• [The problem]: Return the lines below exactly, from the first line to the line that contains "Place a tear-drop". Leave out pictures.

• [Supplied information]:
□ □ □ □ □

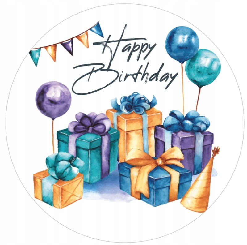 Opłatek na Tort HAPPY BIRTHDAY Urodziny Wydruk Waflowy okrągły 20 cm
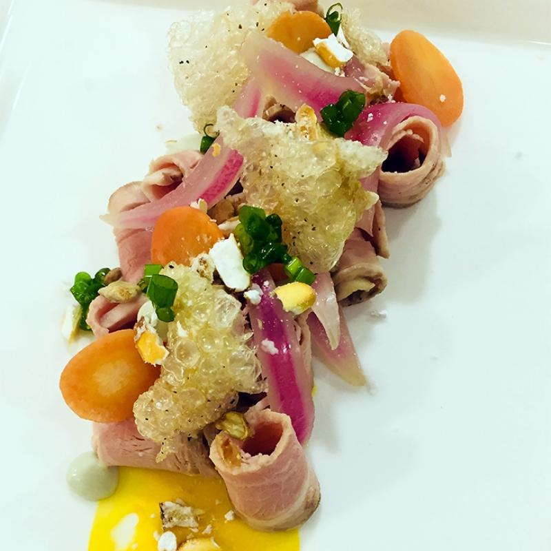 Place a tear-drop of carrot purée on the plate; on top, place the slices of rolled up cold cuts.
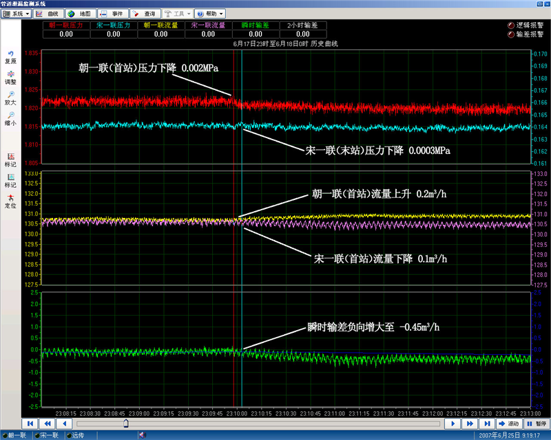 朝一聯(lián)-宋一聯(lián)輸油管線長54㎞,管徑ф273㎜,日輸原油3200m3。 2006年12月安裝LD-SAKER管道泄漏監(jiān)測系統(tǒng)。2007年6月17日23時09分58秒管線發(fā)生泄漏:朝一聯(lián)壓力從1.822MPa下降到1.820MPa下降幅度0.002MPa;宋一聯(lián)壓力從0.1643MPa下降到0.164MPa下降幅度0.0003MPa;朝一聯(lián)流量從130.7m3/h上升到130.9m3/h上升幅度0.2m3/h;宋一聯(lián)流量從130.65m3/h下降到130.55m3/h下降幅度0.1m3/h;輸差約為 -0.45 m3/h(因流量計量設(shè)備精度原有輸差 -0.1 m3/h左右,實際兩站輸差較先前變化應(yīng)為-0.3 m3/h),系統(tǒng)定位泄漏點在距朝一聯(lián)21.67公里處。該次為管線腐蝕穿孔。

□ □ □ □ □

• [Task response]:
 Opłatek na Tort HAPPY BIRTHDAY Urodziny Wydruk Waflowy okrągły 20 cm
 Place a tear-drop of carrot purée on the plate; on top, place the slices of rolled up cold cuts.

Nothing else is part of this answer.